To summarize, in comparison to children born at term, former VPI display altered plasma amino acid profiles at a preschool age. In contrast to our previous findings, indicating an unfavorable classical cardiovascular risk profile, amino acid changes are ambiguous. Alterations known to be associated with both beneficial, but also unfavorable cardio-metabolic traits were observed in former VPI. Prospective studies with larger cohorts are direly needed to scrutinize amino acid dynamics and to clarify whether changes are causally linked to cardiovascular health and disease or whether they represent mere compensatory mechanisms. Longer-term routine follow-up of former VPI in regard to cardiometabolic risk factors might be warranted.

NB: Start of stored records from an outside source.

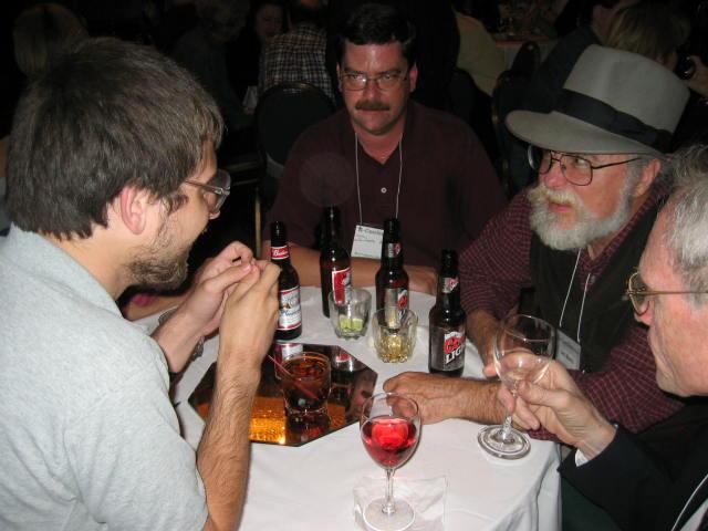 Clearly up to no good, Jim Marrs has gathered up a cabal of fellow conspirators. Judging by the number of drinks on the table, the plan may not be coherent, but that has never stopped Jim before. Photo courtesy of Jim Boka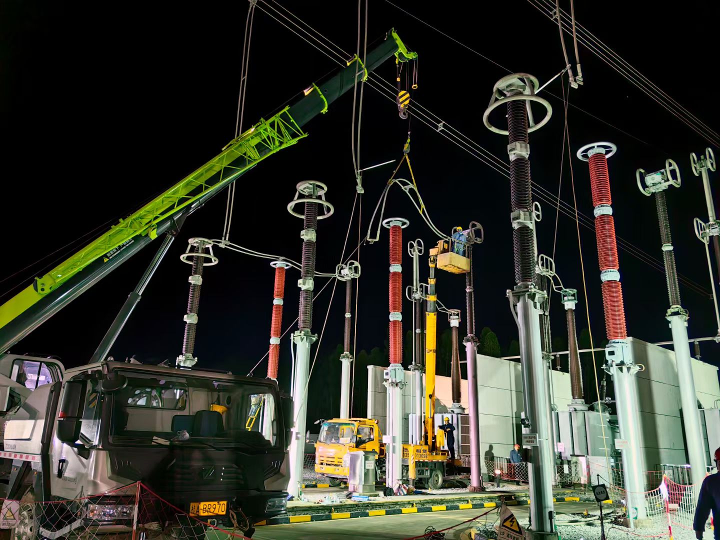 廣西電網(wǎng)南寧供電局變電管理一所工作人員對500千伏邕州變電站新更換的電容式電壓互感器進(jìn)行驗(yàn)收。黃永爍 攝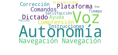 Con respecto experiencias, percepciones y opiniones sobre el uso de la plataforma de voz, lo estudiantes manifestaron algunas palabras con mayor frecuencia durante los grupos focales y la entrevista, tal como se observa la nube de palabras de la Figura 3, donde la Palabras como “Navegación” y “Autonomía” son las más grandes y frecuentes, indicando que la mayoría de los estudiantes pudo desplazarse y explorar la plataforma con independencia, aunque algunos necesitaron apoyo mínimo. Otra palabra es “Voz” lo que significa que las estudiantes sí pudieron trabajar a través de las interfaces de voz y que facilita la interacción apoyando la evaluación inclusiva y manifestaron satisfacción al interactuar con la plataforma que propicia accesibilidad a los estudiantes con discapacidad.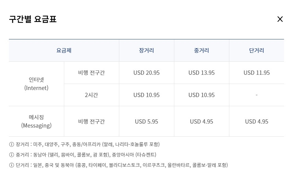 요금은 거리별로 장거리(미주, 대양주, 유럽, 중동, 아프리카), 중거리(동남아, 중앙아시아), 단거리(일본, 중국, 동북아)로 구분된다.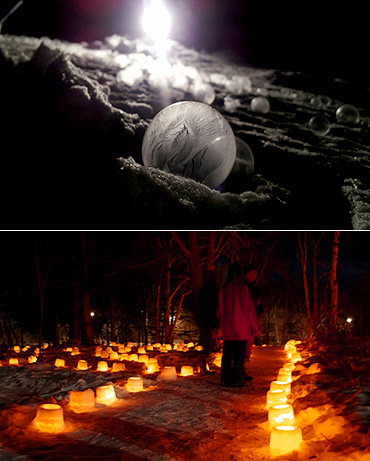 川湯温泉の冬は、雪灯りの美しさに息を呑む。点々と続くロウソクの灯りに誘われ小径を行けば、現代アーティストが手がけた作品と雪灯りがコラボするスノーキャンドルの森。また、足湯もある川湯園地では、氷点下10度以下となり気象条件がそろえば、湯の川から立ち昇る水蒸気が細氷に変わるダイヤモンドダストが見られることも。光が当たり、きらめく様は神秘的。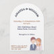 O convite de casamento apresenta uma ilustração encantadora de uma noiva e um noivo. O noivo é retratado com cabelo castanho curto, tez clara e está vestindo um paletó azul-marinho sobre uma camisa de colarinho azul-claro e uma gravata branca. Ele tem um pequeno boutonniere preso ao seu lapela.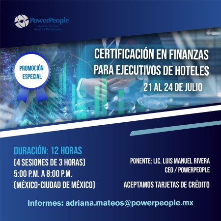 Certificación en Finanzas ejecutivos Hoteleros 100% línea. Julio 2020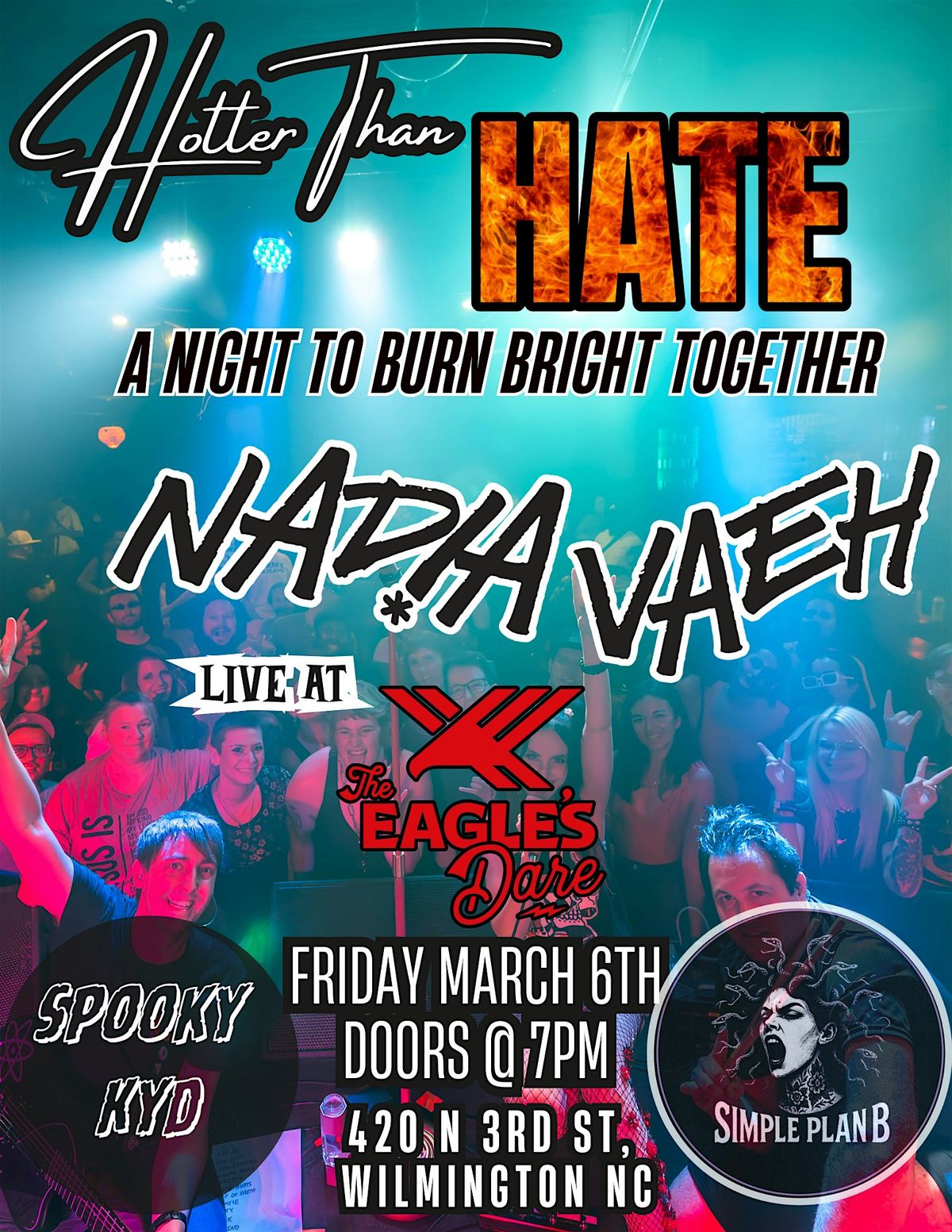 Hotter Than Hate: A Night to Burn Bright Together comes to Wilmington on Friday, March 6 at The Eagle’s Dare. Headlined by Nashville-based poptimistic rock artist Nadia Vaeh, this Pride-centered fundraiser brings together queer artists and allies for a night of music, connection, and unapologetic self-expression.
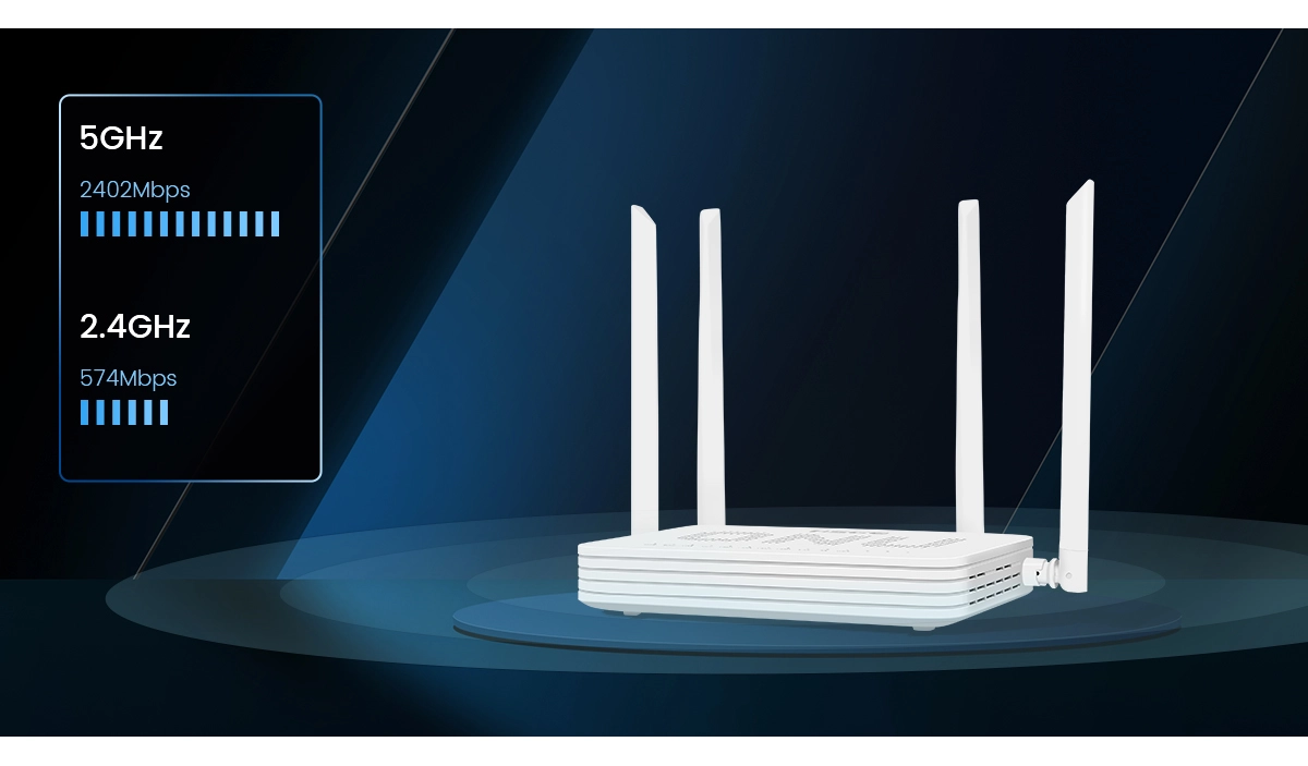 Equipped with 4x5dBi enhanced antennas, using scientific component layout to achieve excellent signal penetration and complete signal coverage in a wide area. Supports both 2.4GHz and 5GHz frequency bands.

Statement of Financial Support

This work was supported by funds of the Oesterreichische Nationalbank (Oesterreichische Nationalbank, Anniversary Fund, project no. 14570) and Oesterreichischer Herzfonds. Ursula Kiechl-Kohlendorfer was also supported by the excellence initiative (Competence Centers for Excellent Technologies–COMET) of the Austrian Research Promotion Agency FFG: “Research Center of Excellence in Vascular Ageing–Tyrol, VASCage” (K-Project no. 843536) funded by BMVIT, BMWFW, Wirtschaftsagentur Wien, and Standortagentur Tirol.

Disclosure

The authors declare that they have no conflicts of interest.